A verbatim copy is needed of the lines below from the one containing "J. C. Elam, 12-year-old, had" up to and including the one containing "Slim Fit Uzun Kollu Metal Aksesuarlı Degaje Yaka Tişört Slim", excluding pictures.

## Record excerpts
>>>
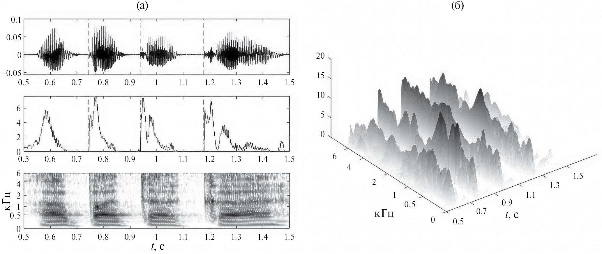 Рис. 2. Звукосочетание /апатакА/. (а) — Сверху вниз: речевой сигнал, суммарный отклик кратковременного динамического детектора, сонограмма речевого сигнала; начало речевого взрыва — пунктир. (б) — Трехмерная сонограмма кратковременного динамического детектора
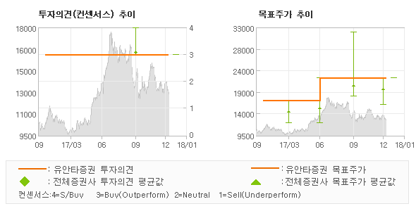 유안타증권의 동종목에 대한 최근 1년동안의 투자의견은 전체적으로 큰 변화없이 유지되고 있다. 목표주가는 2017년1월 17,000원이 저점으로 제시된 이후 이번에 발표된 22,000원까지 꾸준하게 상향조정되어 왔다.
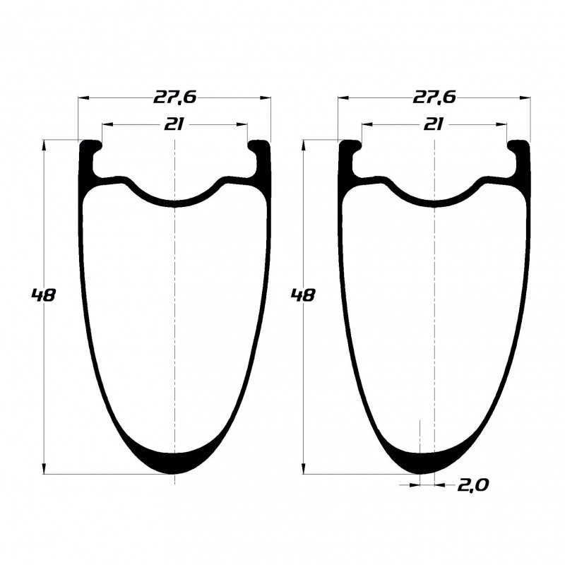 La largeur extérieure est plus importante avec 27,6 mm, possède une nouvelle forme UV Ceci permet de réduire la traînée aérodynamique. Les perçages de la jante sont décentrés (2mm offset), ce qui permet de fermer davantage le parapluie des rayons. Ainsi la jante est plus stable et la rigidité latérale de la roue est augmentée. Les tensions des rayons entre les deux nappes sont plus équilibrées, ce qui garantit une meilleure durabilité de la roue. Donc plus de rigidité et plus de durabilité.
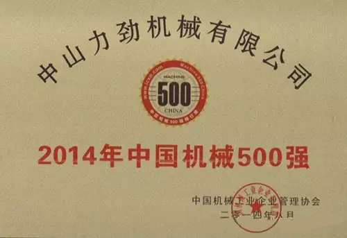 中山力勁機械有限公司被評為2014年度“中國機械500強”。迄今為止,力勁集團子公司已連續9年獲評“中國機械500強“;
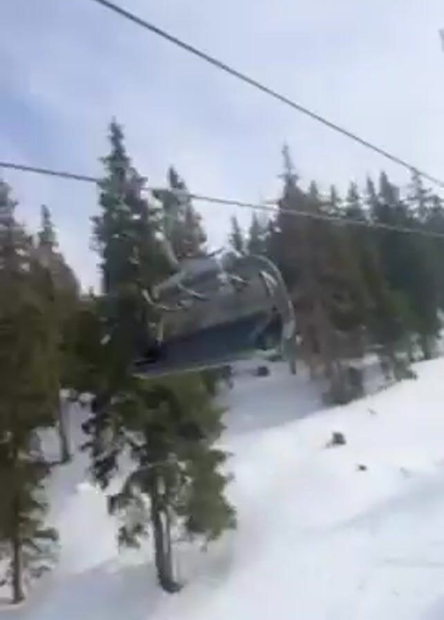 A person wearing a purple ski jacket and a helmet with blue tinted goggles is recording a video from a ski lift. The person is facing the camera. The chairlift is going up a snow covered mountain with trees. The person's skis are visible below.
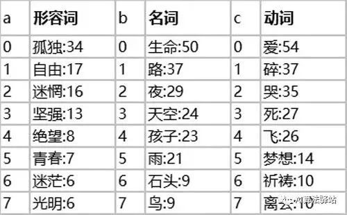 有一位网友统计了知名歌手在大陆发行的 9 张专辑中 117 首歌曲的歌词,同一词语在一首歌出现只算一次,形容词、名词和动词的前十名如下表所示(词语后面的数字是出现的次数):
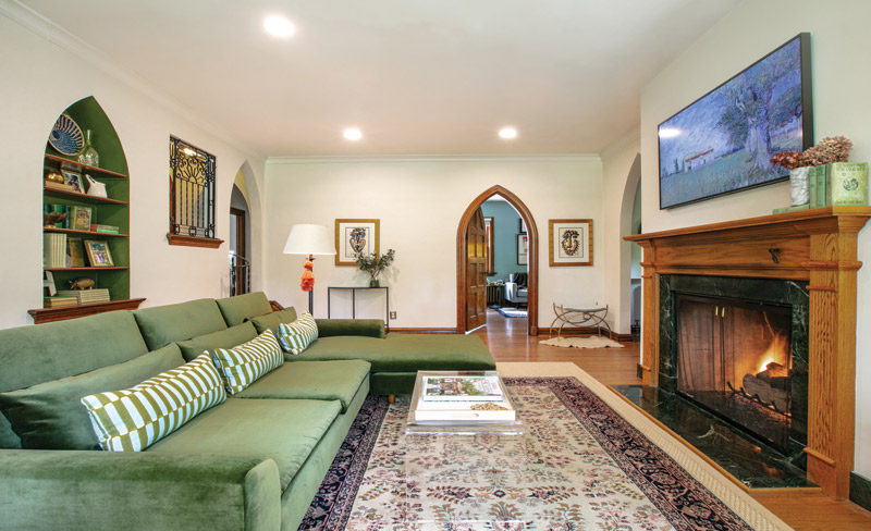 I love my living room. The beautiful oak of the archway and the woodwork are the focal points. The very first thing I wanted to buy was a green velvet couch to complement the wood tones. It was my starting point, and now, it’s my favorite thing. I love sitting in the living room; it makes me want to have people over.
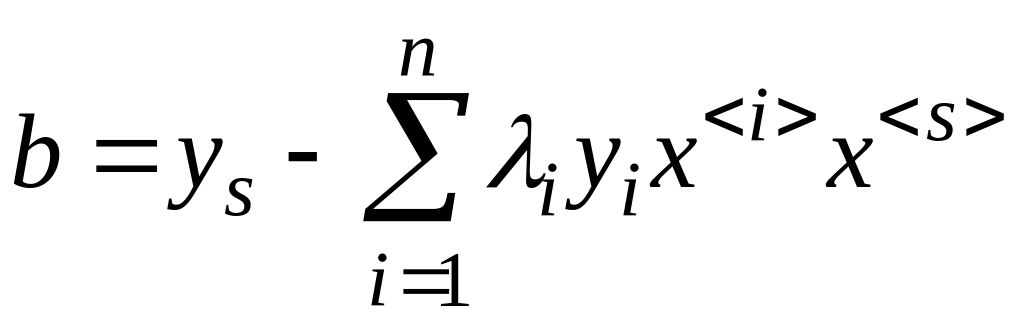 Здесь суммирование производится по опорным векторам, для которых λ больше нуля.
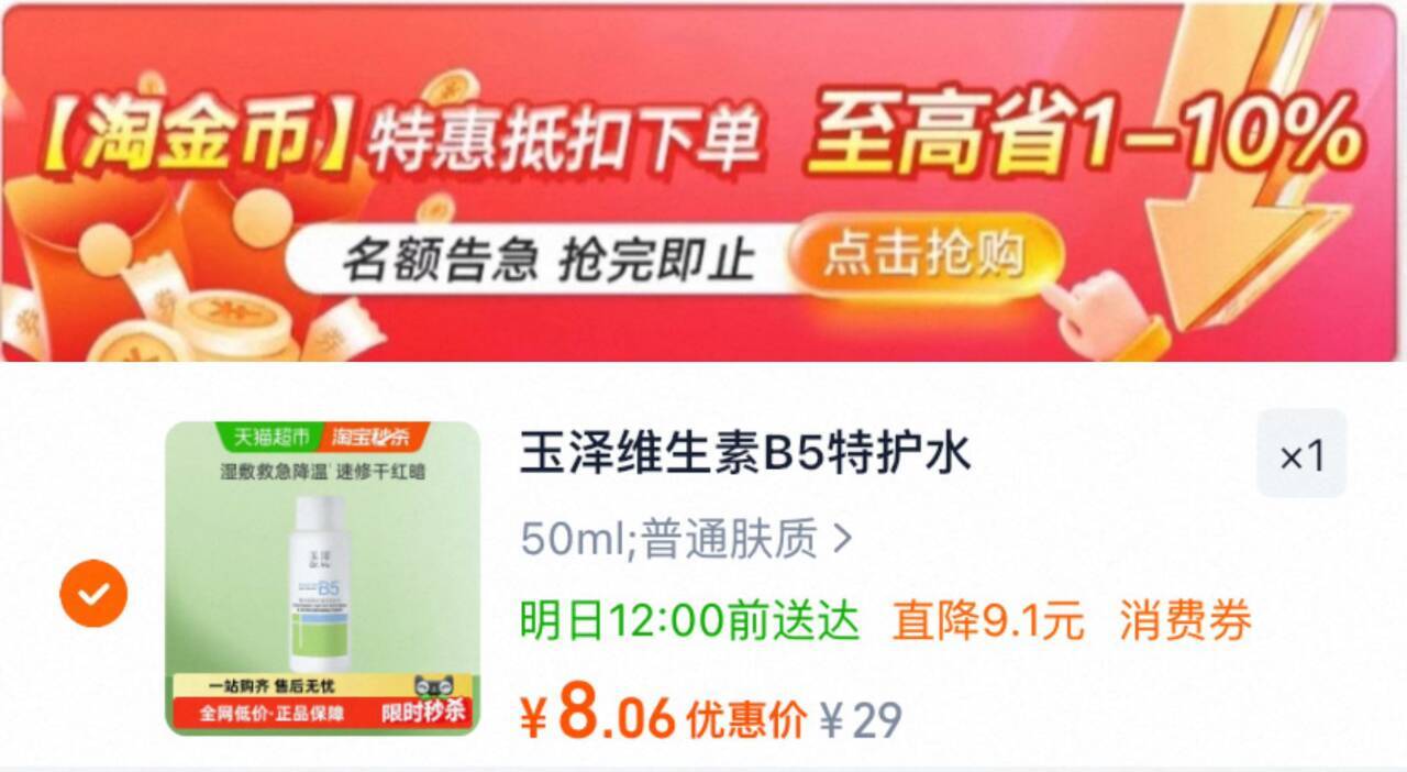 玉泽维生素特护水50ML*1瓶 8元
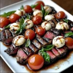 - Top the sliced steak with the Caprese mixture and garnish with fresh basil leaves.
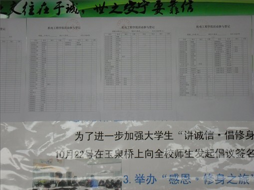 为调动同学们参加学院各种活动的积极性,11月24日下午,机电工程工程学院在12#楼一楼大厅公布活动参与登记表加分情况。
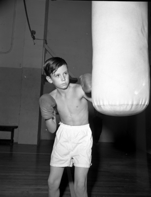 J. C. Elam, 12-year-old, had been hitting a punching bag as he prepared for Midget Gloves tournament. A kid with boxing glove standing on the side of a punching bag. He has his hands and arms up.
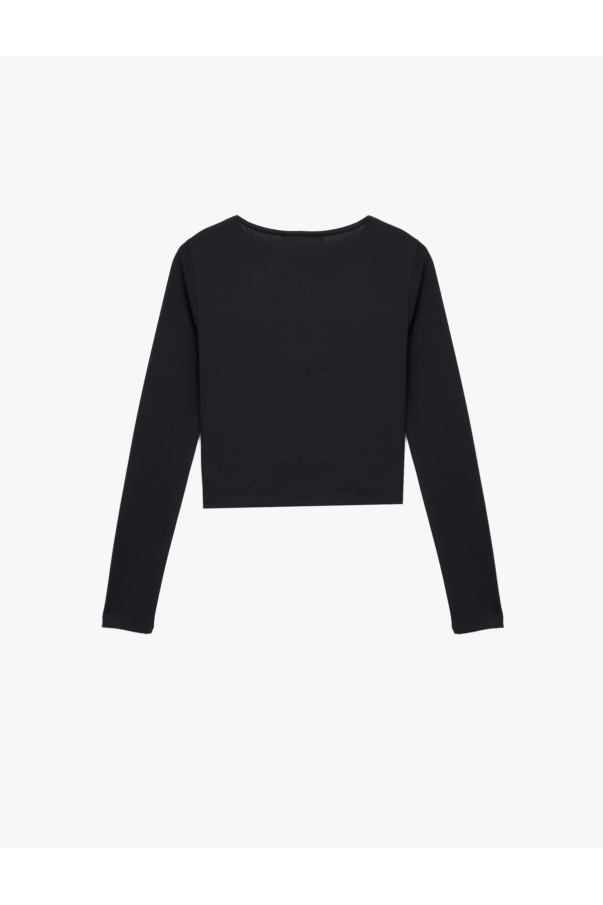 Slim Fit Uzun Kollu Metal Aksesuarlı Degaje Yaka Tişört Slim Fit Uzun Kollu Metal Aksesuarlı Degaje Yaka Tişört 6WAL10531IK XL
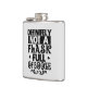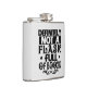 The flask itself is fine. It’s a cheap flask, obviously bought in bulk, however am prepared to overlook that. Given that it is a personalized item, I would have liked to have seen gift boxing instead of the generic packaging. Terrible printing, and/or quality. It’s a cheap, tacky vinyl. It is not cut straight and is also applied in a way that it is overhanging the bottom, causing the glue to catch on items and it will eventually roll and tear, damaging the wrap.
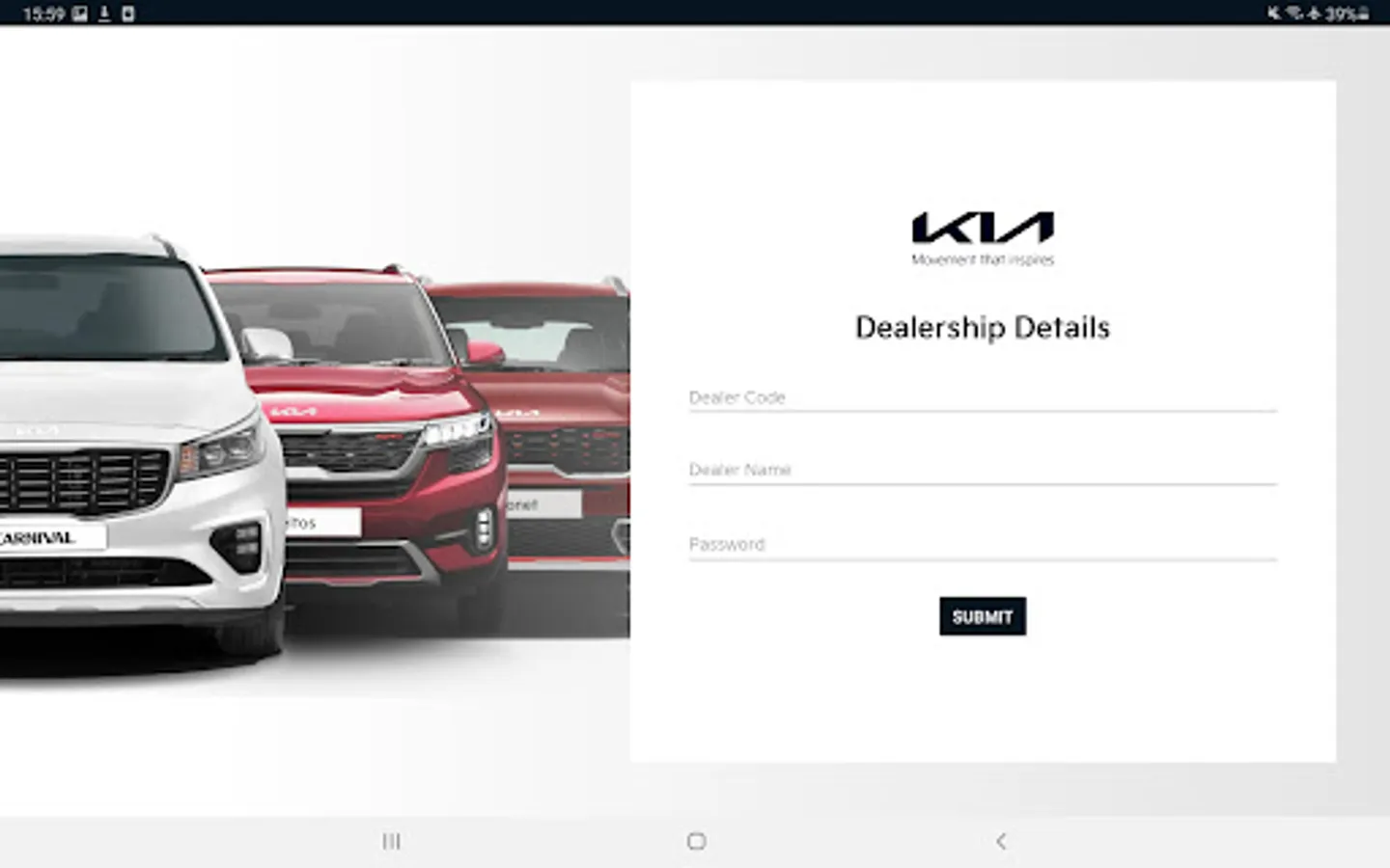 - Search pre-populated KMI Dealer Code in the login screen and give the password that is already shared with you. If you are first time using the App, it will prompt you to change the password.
<<<
## Solved exercise
 J. C. Elam, 12-year-old, had been hitting a punching bag as he prepared for Midget Gloves tournament. A kid with boxing glove standing on the side of a punching bag. He has his hands and arms up.
 Slim Fit Uzun Kollu Metal Aksesuarlı Degaje Yaka Tişört Slim Fit Uzun Kollu Metal Aksesuarlı Degaje Yaka Tişört 6WAL10531IK XL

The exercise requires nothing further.